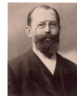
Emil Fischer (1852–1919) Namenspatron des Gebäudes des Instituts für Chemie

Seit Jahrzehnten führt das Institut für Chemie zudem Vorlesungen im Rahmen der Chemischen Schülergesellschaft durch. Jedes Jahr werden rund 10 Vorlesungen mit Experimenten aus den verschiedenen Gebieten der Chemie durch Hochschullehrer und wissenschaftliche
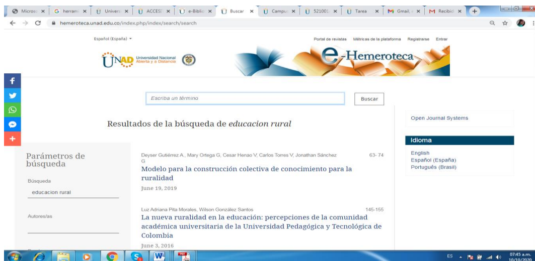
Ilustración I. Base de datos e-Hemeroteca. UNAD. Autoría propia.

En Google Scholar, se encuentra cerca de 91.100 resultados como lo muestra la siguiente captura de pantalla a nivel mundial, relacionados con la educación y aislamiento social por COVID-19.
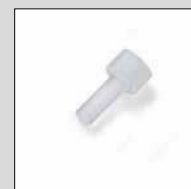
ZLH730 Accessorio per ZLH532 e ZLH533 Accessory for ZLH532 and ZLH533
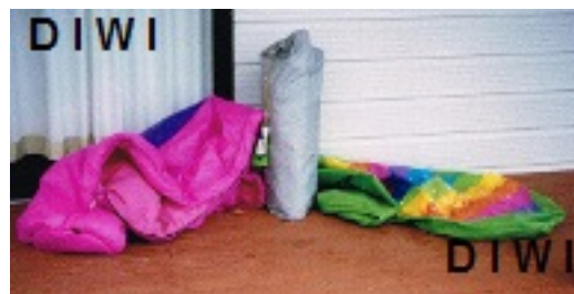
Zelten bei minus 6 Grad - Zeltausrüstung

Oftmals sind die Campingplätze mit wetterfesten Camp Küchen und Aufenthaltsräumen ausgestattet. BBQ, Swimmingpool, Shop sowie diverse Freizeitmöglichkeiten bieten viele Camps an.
- - -
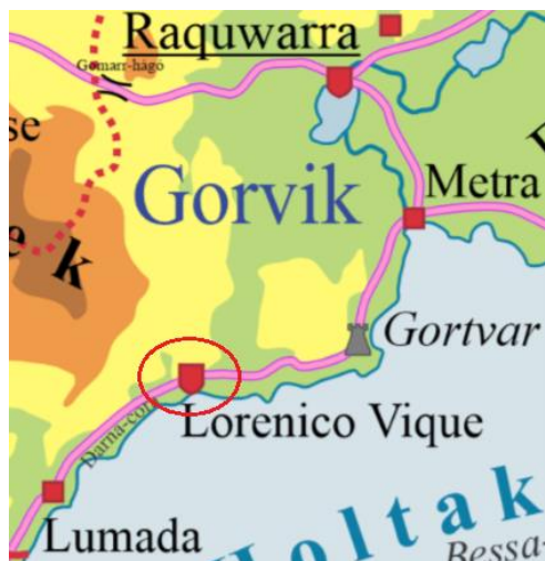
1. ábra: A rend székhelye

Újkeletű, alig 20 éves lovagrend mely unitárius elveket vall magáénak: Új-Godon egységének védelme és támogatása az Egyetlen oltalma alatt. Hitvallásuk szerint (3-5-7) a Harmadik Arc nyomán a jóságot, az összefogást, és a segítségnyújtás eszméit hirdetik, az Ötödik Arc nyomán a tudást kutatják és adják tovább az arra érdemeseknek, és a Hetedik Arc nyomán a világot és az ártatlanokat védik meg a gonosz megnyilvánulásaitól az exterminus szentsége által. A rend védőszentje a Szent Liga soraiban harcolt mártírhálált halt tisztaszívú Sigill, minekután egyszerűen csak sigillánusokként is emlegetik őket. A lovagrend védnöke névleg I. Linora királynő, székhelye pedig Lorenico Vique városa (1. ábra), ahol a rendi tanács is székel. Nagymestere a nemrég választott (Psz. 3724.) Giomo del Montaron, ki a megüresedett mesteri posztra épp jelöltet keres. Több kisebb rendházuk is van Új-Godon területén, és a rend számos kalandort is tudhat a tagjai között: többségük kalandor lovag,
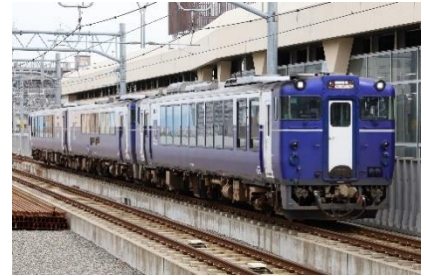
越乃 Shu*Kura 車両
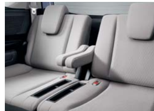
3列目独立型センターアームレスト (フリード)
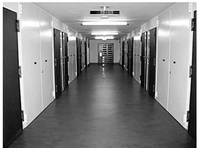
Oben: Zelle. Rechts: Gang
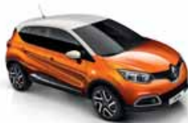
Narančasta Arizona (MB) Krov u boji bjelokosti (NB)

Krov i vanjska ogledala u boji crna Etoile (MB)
- - -
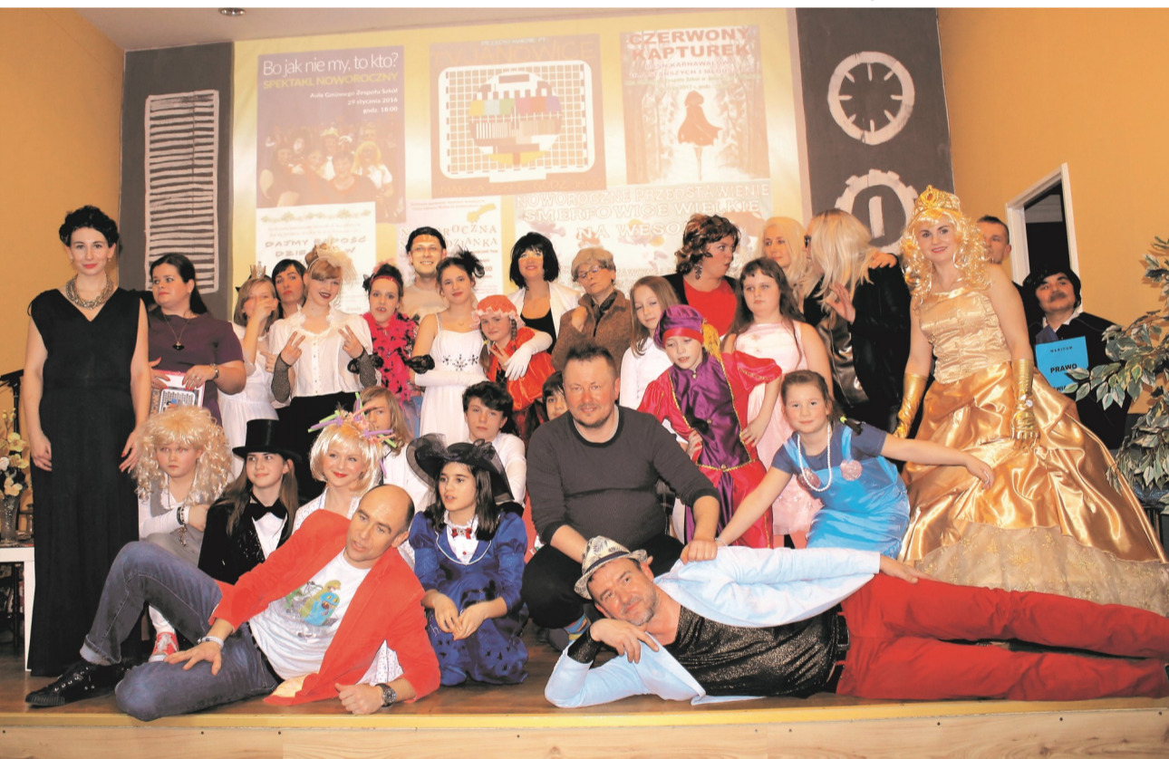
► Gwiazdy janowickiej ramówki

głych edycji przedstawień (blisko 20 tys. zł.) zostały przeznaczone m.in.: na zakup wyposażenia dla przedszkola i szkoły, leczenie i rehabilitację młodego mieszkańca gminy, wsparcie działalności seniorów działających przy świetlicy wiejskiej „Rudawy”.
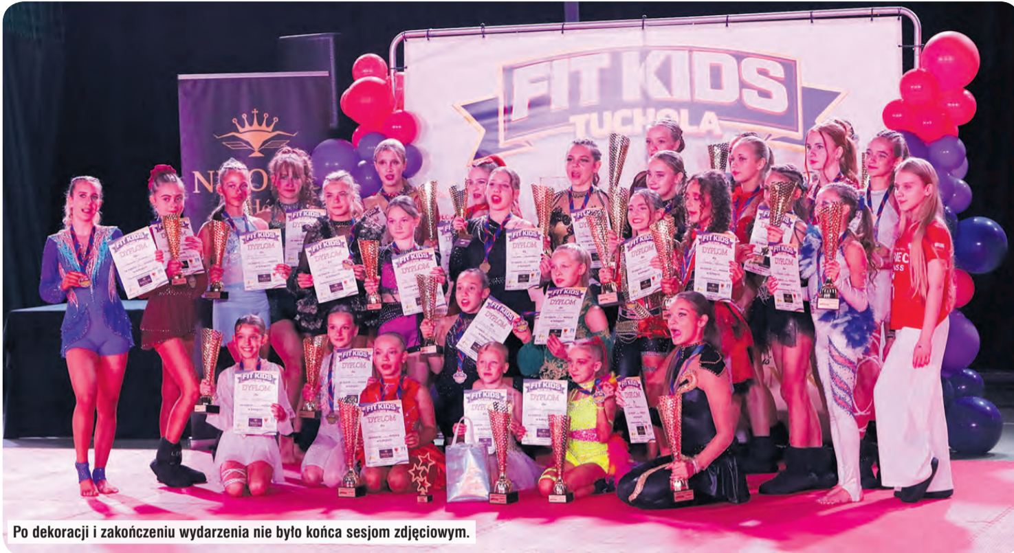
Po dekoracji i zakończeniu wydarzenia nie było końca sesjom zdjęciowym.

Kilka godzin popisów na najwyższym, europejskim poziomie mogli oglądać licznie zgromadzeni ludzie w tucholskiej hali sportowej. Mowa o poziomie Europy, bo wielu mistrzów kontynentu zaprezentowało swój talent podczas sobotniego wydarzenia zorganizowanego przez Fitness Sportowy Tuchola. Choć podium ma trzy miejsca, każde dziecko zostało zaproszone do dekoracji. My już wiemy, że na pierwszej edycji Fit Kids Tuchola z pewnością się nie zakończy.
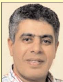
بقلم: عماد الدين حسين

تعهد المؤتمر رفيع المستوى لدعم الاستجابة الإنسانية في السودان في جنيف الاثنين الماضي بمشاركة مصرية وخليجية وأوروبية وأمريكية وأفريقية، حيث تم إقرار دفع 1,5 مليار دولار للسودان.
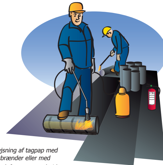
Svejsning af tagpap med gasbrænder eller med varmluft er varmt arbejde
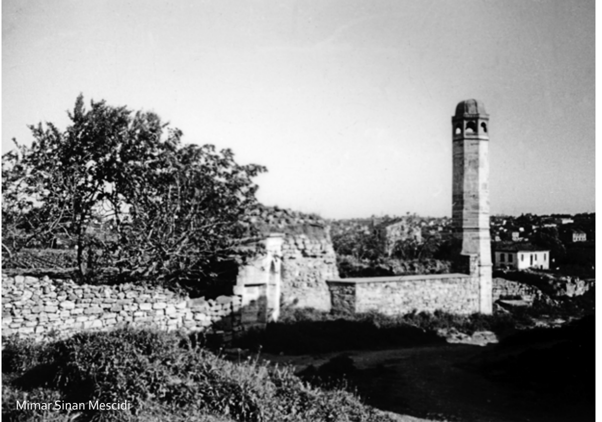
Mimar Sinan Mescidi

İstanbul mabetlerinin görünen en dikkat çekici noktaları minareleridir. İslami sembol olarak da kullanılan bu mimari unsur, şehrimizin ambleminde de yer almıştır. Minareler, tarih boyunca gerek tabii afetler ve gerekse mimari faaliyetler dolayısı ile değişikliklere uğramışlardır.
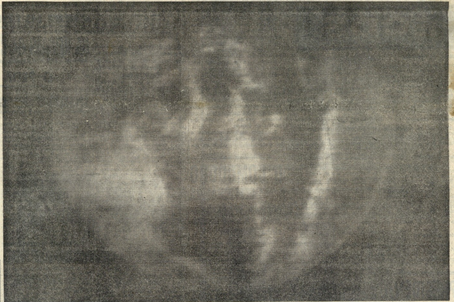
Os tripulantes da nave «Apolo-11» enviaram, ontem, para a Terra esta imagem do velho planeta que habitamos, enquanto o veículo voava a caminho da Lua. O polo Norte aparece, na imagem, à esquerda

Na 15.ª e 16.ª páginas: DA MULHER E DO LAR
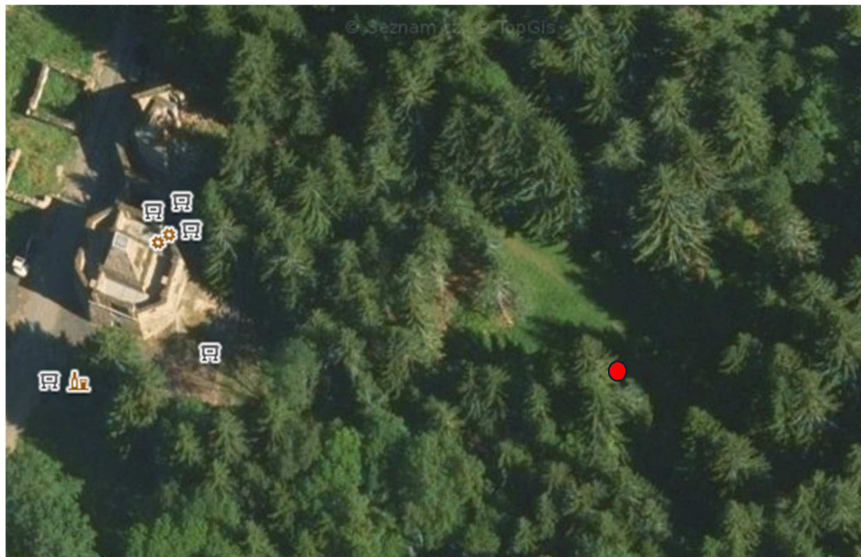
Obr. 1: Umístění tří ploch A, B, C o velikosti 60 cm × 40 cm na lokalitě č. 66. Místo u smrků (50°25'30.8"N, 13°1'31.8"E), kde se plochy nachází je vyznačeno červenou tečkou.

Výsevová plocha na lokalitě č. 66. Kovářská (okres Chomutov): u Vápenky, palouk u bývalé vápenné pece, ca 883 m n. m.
- - -
» Your goal: For this exercise, please set down exactly the lines of the listing above from the line with "تعهد المؤتمر رفيع" up to and including the line with "Výsevová plocha na", and no pictures.

» Task result:
تعهد المؤتمر رفيع المستوى لدعم الاستجابة الإنسانية في السودان في جنيف الاثنين الماضي بمشاركة مصرية وخليجية وأوروبية وأمريكية وأفريقية، حيث تم إقرار دفع 1,5 مليار دولار للسودان.
Svejsning af tagpap med gasbrænder eller med varmluft er varmt arbejde
Mimar Sinan Mescidi

İstanbul mabetlerinin görünen en dikkat çekici noktaları minareleridir. İslami sembol olarak da kullanılan bu mimari unsur, şehrimizin ambleminde de yer almıştır. Minareler, tarih boyunca gerek tabii afetler ve gerekse mimari faaliyetler dolayısı ile değişikliklere uğramışlardır.
Os tripulantes da nave «Apolo-11» enviaram, ontem, para a Terra esta imagem do velho planeta que habitamos, enquanto o veículo voava a caminho da Lua. O polo Norte aparece, na imagem, à esquerda

Na 15.ª e 16.ª páginas: DA MULHER E DO LAR
Obr. 1: Umístění tří ploch A, B, C o velikosti 60 cm × 40 cm na lokalitě č. 66. Místo u smrků (50°25'30.8"N, 13°1'31.8"E), kde se plochy nachází je vyznačeno červenou tečkou.

Výsevová plocha na lokalitě č. 66. Kovářská (okres Chomutov): u Vápenky, palouk u bývalé vápenné pece, ca 883 m n. m.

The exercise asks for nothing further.